- Born: Jana Kathryn Riess December 13, 1969 (age 56)^{[independent source needed]} United States
- Education: Wellesley College (BA) Princeton Theological Seminary (MA) Columbia University (PhD)
- Occupation: Writer
- Spouse: Phil Smith
- Children: Jerusha (born c. 1999)
- Writing career
- Language: English
- Period: 1990s-present
- Genre: Religion

= Jana Riess =

American writer and editor (born 1969)

Jana Kathryn Riess (born December 13, 1969) is an American professor, writer, and editor. Riess' writings have focused on American religions, especially the Church of Jesus Christ of Latter-day Saints (LDS Church) of which she is a member, and other new religious movements.

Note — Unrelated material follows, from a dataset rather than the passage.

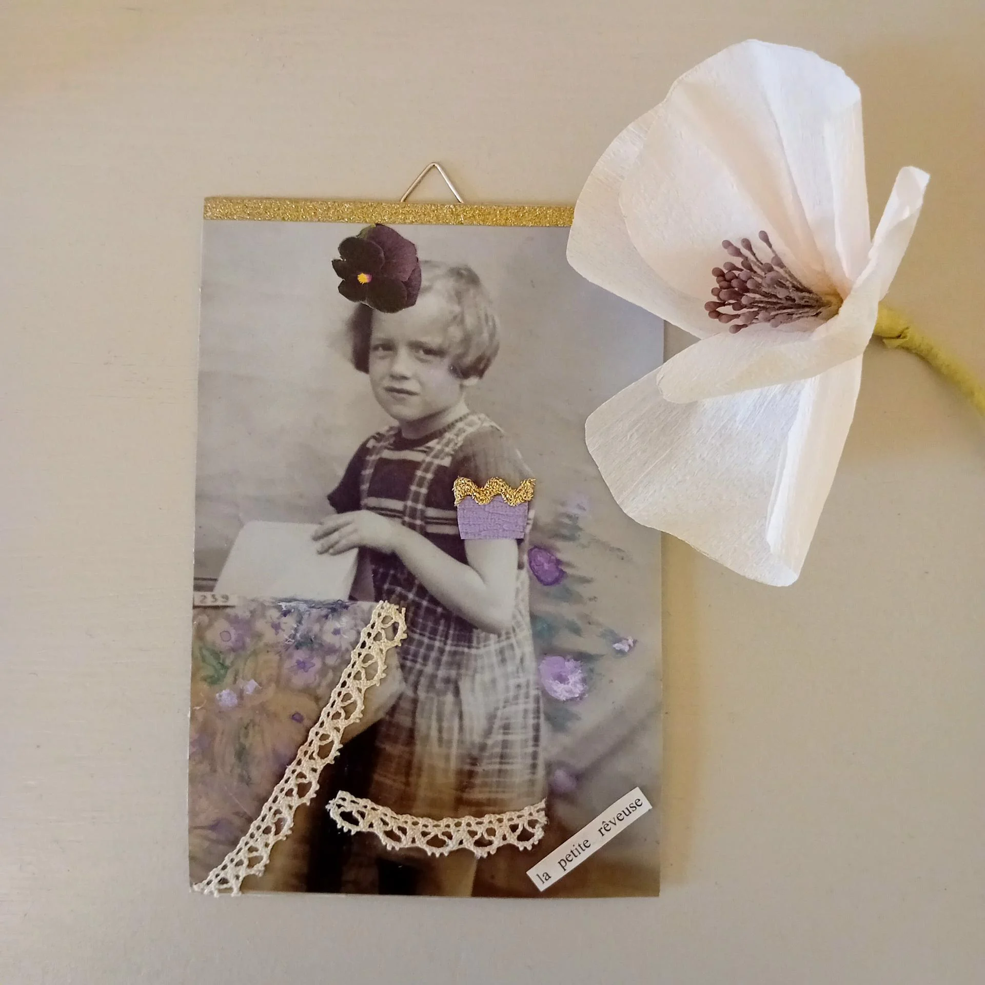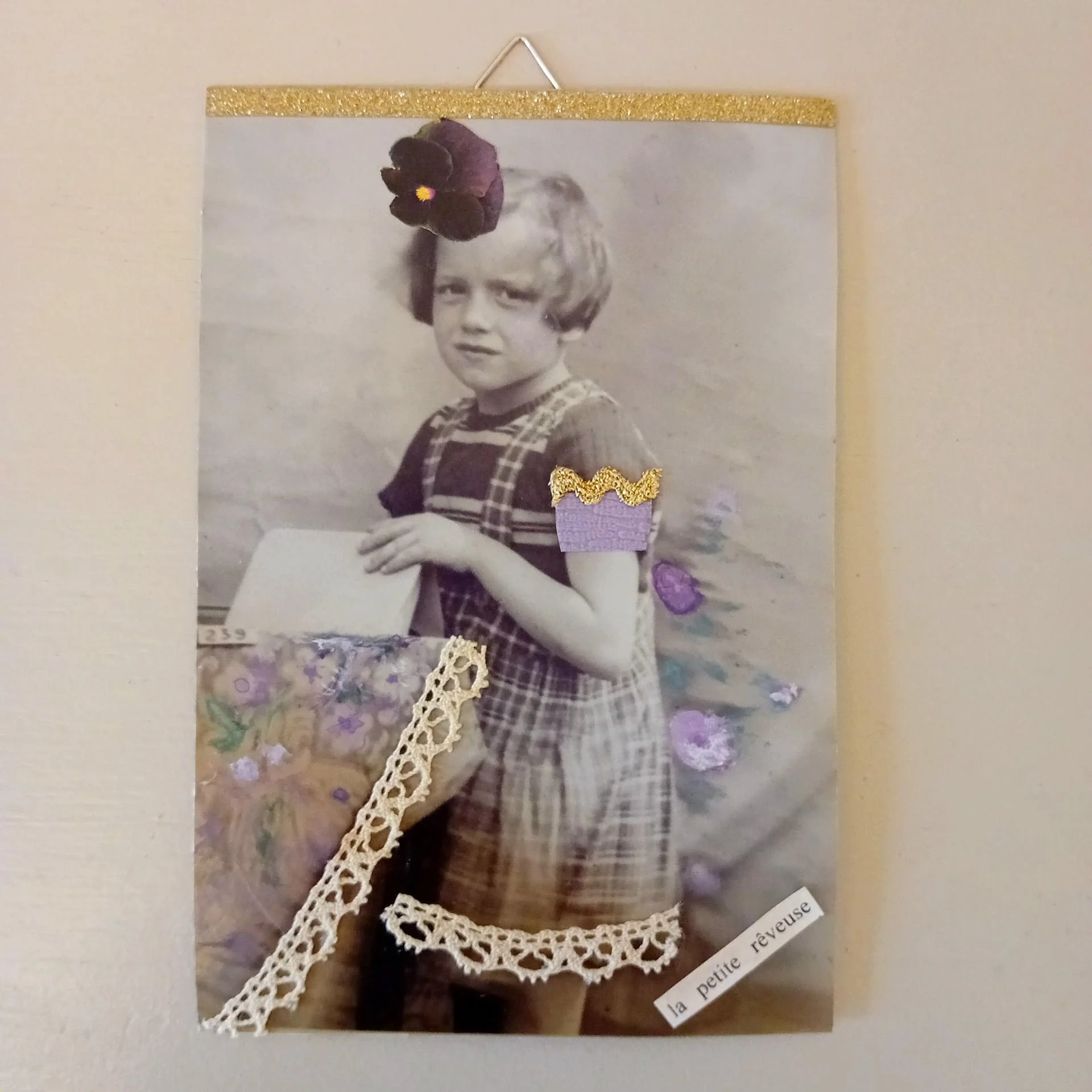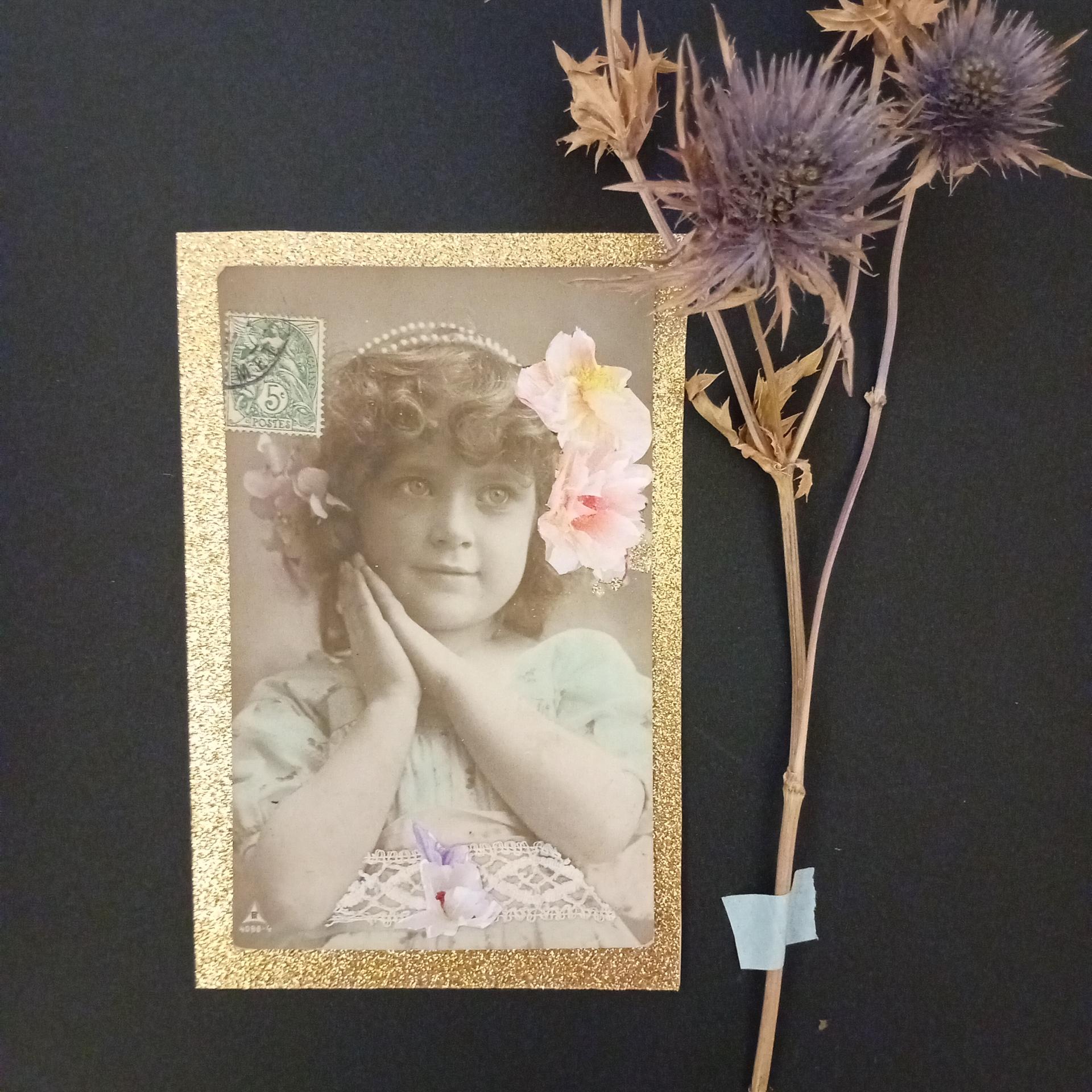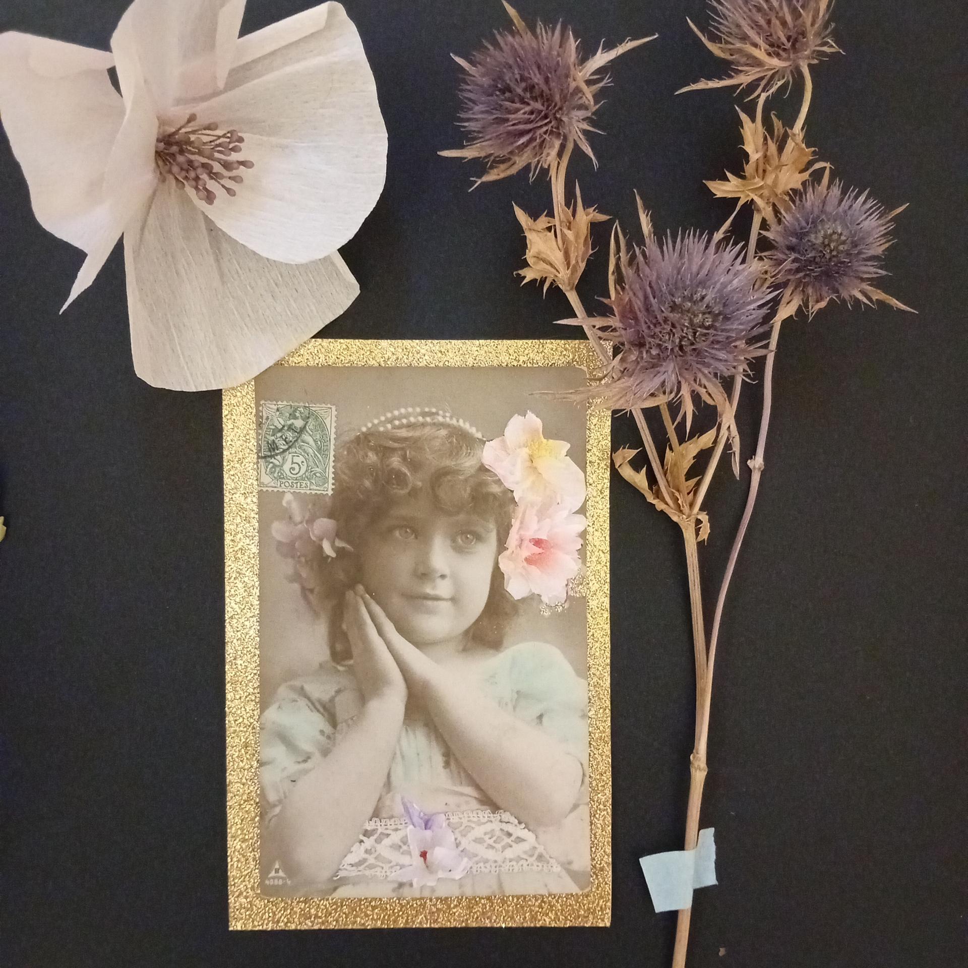 Carton, photo ancienne (retouchée à la peinture), dentelle vintage, illustrations, papier doré pailleté, ruban doré, papier.

==Early life and education==
As she describes in her own autobiographical writings, Riess was born in the Midwestern United States, and has an older brother, John. She and her mother Phyllis were, per her description, abandoned by her father without warning in 1984, by which time her brother was on his own. Riess has described her father, who died at age 71 in Mobile, Alabama, in October 2010, as "an angry atheist" and her mother as "considerably more charitable but no more interested in organized religion."

Riess has a Bachelor's degree from Wellesley College, a Master's degree in theology from the Princeton Theological Seminary, and a PhD in American Religious history from Columbia University.

==Career==
From 1999 to 2008 she was the religion book editor for Publishers Weekly.

A member of the LDS Church, Riess has spoken at Brigham Young University Women's Conference and other gatherings of the LDS Church, as well as professional conferences.

===Writings===

Riess' 2019 The Next Mormons: How Millennials Are Changing the LDS Church, received critical praise; Phil Zuckerman, a professor of sociology at Pitzer College in Claremont, California, describes the work as "[s]ociologically sound, extremely well-researched and well-written".

Riess and her colleague Benjamin Knoll published a landmark analysis which questioned the accuracy of reports that LDS membership was growing.

====Tweeting the Bible====
On October 4, 2009, Riess began a project to tweet the bible. Her "Twible" quest concluded in January 2013. Each tweet summarizes a chapter of the bible. Riess tweets the bible in order and plans to hit all 1,189 chapters in 140 characters. She later published it in book form as The Twible: All the Chapters of the Bible in 140 Characters or Less . . . Now with 68% More Humor!

===Other work===
In July 2001 Riess moderated a debate between Richard Abanes and Connie Neal at a convention of Christian retailers over the "real religious concern" over the Harry Potter books with regard to their presentation of witchcraft and aspects of the occult. Among the books by Riess are the 2004 What Would Buffy Do?, and an abridgment of The Book of Mormon with commentary.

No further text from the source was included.